The miraculous feeding of the 5,000 exceeded the laws of physics, and the miraculous feeding of the Eucharist exceeds all we know of metaphysics. The world is bound to be skeptical and we ourselves may have our share of doubts, but in our hunger, can we not see that the Lord is reaching down from heaven to feed us with the Bread of Life and the Cup of Eternal Salvation? The older I get and the longer I serve as a priest, the more I realize that the joy of my life is my dependence upon the Eucharist. I’ve tried depending largely on myself, on my good will and talents. What a burden there is in all of that! But what joy and freedom there is when I finally recognized that the Lord will take what little I have to offer and make it into something so beautiful and good that I can hardly believe my eyes. In fact, I can’t believe my natural eyes – only the eyes of faith.
The Extra Point
At the outset, I did promise you an extra point, a word of encouragement, courtesy of St. Paul, and here it is. In today’s second reading from his Letter to the Romans, St. Paul tells us that if we are in communion with the love of Christ there is no form of setback or suffering that can overcome us: not our mortality, not the unseen principalities and powers, not the things that are going on in the world, not the heavens above or the depths of the sea . . . To St. Paul’s list of hardships we might add the coronavirus, economic hardship, unemployment, and so much more!

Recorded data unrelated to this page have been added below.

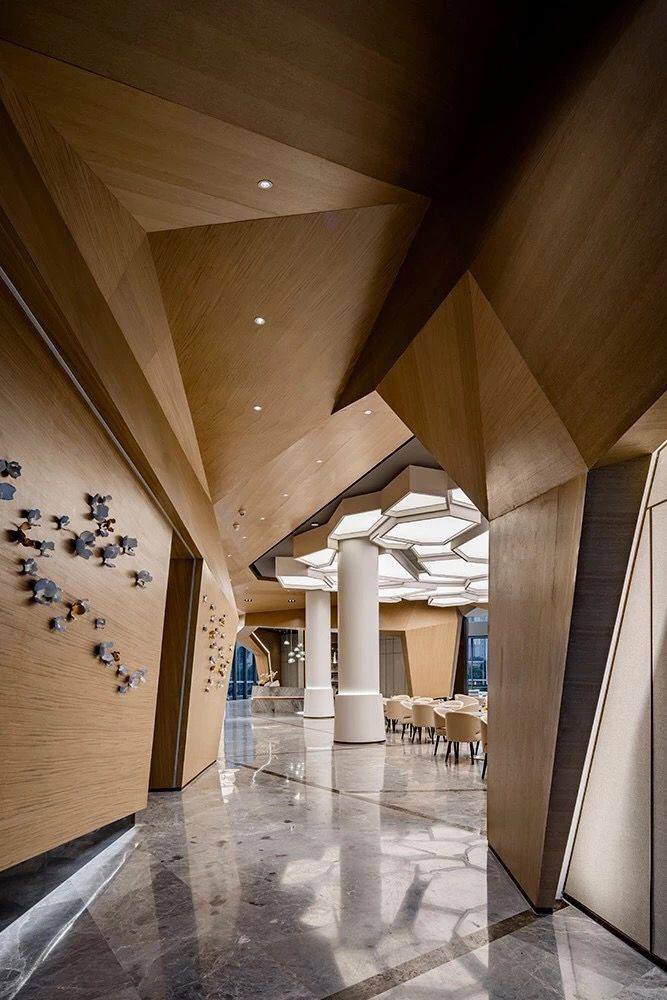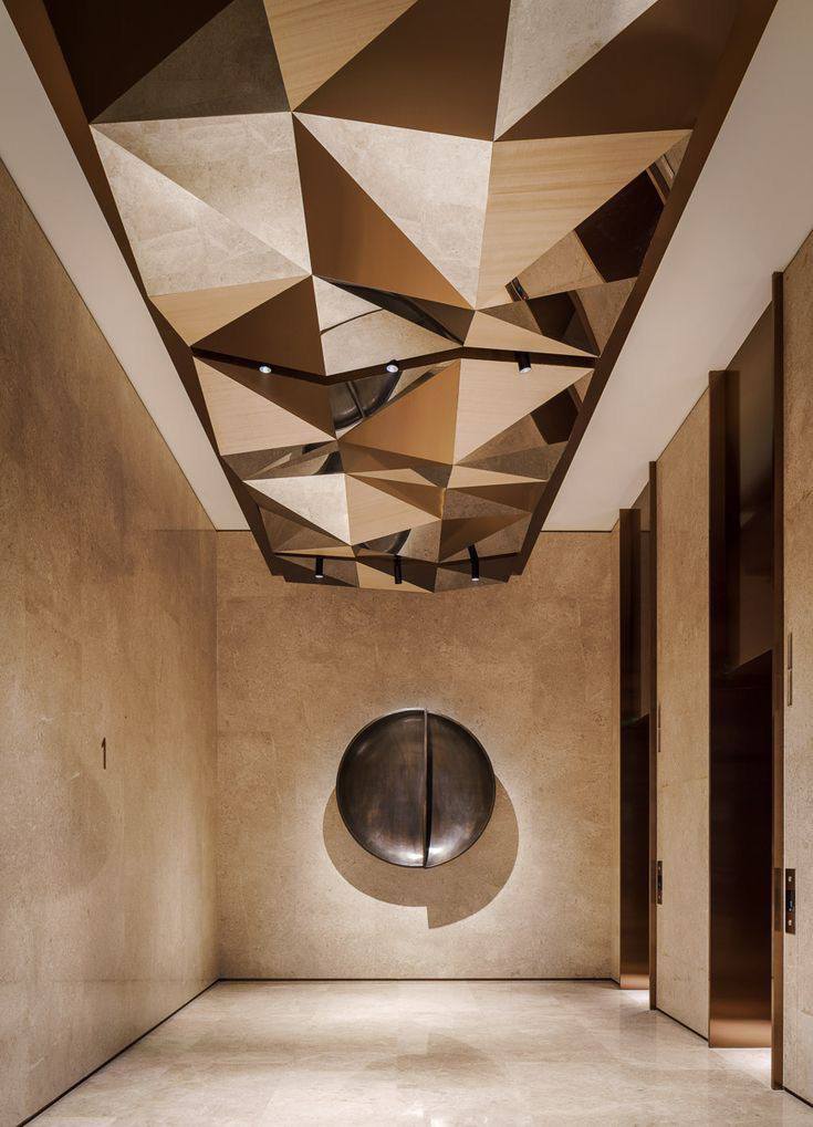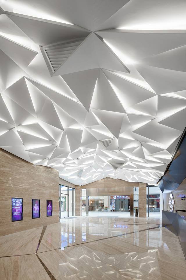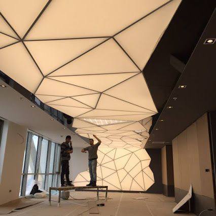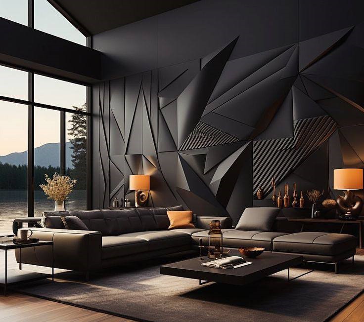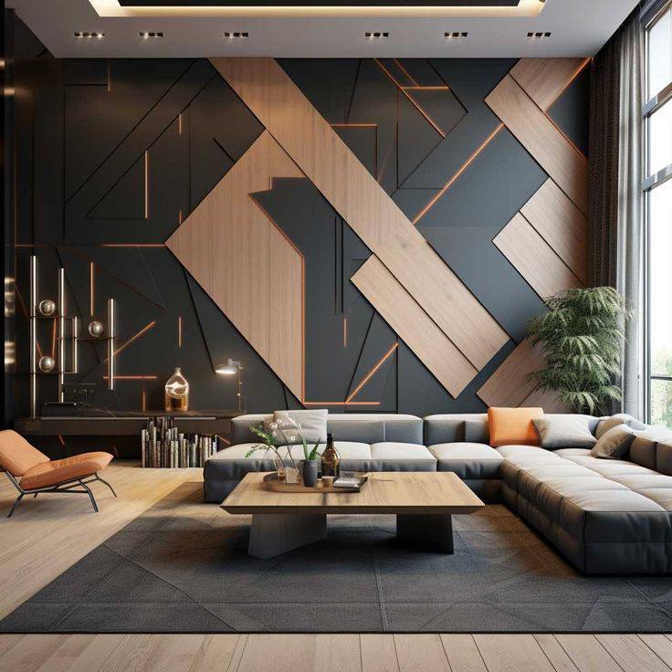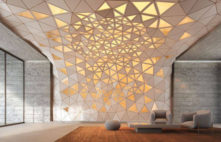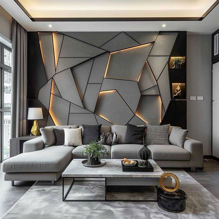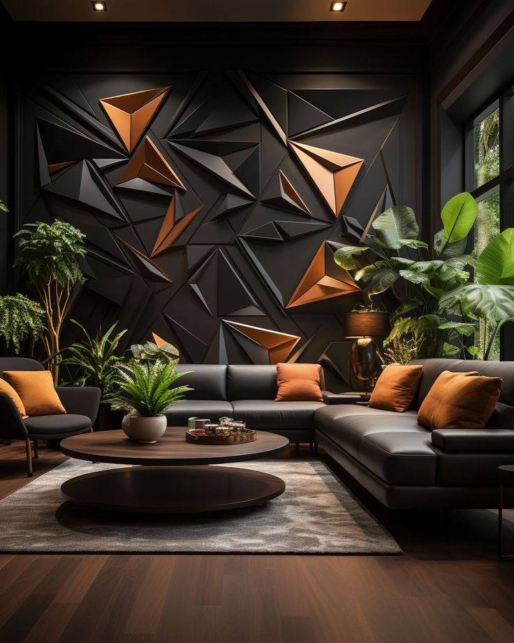 Primena na plafonu je posebno upečatljiva. Umesto ravne površine, plafon sa trokutastim ulegnućima ili naglaskima stvara dramatičnu igru svetlosti i senke. Ovi elementi mogu biti uklesani, postavljeni kao 3D obloge ili naglašeni LED trakama duž ivica. Ovakav pristup vizuelno podiže visinu prostorije i skreće pažnju na vertikalu, čineći sobu prostranijom.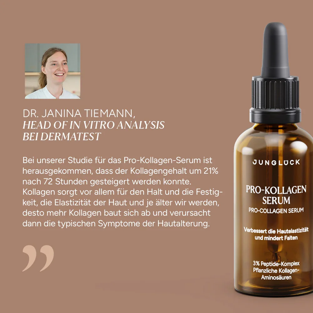 DURCHBRUCH: JUNGLÜCK Pro-Kollagen Serum mit MATRIXYL® 3000 GLYX aktiviert die körpereigene Kollagenproduktion und reduziert Falten um bis zu 47% in nur 12 Wochen* (unabhängige Dermatest-Studie)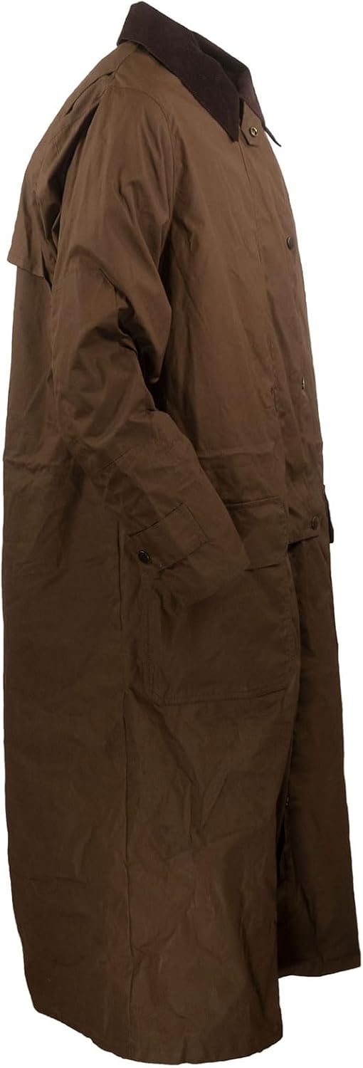 Outback Trading Company mens Wax Cotton Waterproof Breathable Long Western Duster With Multiple Pockets

Dear friends, when we unite ourselves to Christ’s love in the Eucharist, that is, when we receive the Eucharist worthily and with devotion, no challenge, no suffering, no problem will be able to separate us from Christ … Not suffering, but only sin can separate us from Christ, and there is no better bulwark against sin than devout and active participation in the Eucharist and healthy Eucharistic devotion.
With prayers of Mary, the Mother of God and the Woman of the Eucharist, let us joyfully acknowledge our dependence upon the Eucharistic Lord and thank our heavenly Savior for drawing so close to us in love. “O Sacrament Most Holy, O Sacrament Divine, all praise and all thanksgiving be every moment Thine!”